*** Data for review Section Begins ***

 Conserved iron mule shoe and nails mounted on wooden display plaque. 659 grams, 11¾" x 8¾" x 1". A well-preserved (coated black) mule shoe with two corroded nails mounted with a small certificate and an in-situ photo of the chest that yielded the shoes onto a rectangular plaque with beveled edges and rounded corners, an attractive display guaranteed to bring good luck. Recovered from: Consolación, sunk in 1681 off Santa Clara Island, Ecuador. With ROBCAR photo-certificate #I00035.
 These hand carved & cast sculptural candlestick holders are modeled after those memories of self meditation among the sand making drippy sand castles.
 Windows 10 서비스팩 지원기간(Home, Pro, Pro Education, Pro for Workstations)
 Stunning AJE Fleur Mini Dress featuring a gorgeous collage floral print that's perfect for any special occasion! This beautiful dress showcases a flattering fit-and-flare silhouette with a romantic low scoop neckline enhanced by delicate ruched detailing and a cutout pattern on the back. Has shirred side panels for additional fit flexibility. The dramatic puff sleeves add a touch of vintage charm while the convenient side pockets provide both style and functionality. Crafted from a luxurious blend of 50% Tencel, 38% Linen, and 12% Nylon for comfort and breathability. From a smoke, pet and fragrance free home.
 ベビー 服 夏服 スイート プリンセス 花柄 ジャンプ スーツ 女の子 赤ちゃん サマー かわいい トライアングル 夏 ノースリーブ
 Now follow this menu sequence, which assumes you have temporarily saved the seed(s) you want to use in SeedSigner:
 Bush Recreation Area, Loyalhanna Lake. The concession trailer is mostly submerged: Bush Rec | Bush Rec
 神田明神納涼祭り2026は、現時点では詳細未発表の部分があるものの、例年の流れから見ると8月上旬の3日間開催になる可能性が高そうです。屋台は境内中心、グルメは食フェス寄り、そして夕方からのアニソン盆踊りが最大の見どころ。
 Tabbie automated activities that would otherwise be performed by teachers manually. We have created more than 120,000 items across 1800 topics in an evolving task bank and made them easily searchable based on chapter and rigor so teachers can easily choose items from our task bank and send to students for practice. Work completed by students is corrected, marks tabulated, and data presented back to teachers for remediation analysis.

*** Data for review Section Ends ***

What is expected.
Copy the entries word for word. Leave nothing out.

Written solution.
 Conserved iron mule shoe and nails mounted on wooden display plaque. 659 grams, 11¾" x 8¾" x 1". A well-preserved (coated black) mule shoe with two corroded nails mounted with a small certificate and an in-situ photo of the chest that yielded the shoes onto a rectangular plaque with beveled edges and rounded corners, an attractive display guaranteed to bring good luck. Recovered from: Consolación, sunk in 1681 off Santa Clara Island, Ecuador. With ROBCAR photo-certificate #I00035.
 These hand carved & cast sculptural candlestick holders are modeled after those memories of self meditation among the sand making drippy sand castles.
 Windows 10 서비스팩 지원기간(Home, Pro, Pro Education, Pro for Workstations)
 Stunning AJE Fleur Mini Dress featuring a gorgeous collage floral print that's perfect for any special occasion! This beautiful dress showcases a flattering fit-and-flare silhouette with a romantic low scoop neckline enhanced by delicate ruched detailing and a cutout pattern on the back. Has shirred side panels for additional fit flexibility. The dramatic puff sleeves add a touch of vintage charm while the convenient side pockets provide both style and functionality. Crafted from a luxurious blend of 50% Tencel, 38% Linen, and 12% Nylon for comfort and breathability. From a smoke, pet and fragrance free home.
 ベビー 服 夏服 スイート プリンセス 花柄 ジャンプ スーツ 女の子 赤ちゃん サマー かわいい トライアングル 夏 ノースリーブ
 Now follow this menu sequence, which assumes you have temporarily saved the seed(s) you want to use in SeedSigner:
 Bush Recreation Area, Loyalhanna Lake. The concession trailer is mostly submerged: Bush Rec | Bush Rec
 神田明神納涼祭り2026は、現時点では詳細未発表の部分があるものの、例年の流れから見ると8月上旬の3日間開催になる可能性が高そうです。屋台は境内中心、グルメは食フェス寄り、そして夕方からのアニソン盆踊りが最大の見どころ。
 Tabbie automated activities that would otherwise be performed by teachers manually. We have created more than 120,000 items across 1800 topics in an evolving task bank and made them easily searchable based on chapter and rigor so teachers can easily choose items from our task bank and send to students for practice. Work completed by students is corrected, marks tabulated, and data presented back to teachers for remediation analysis.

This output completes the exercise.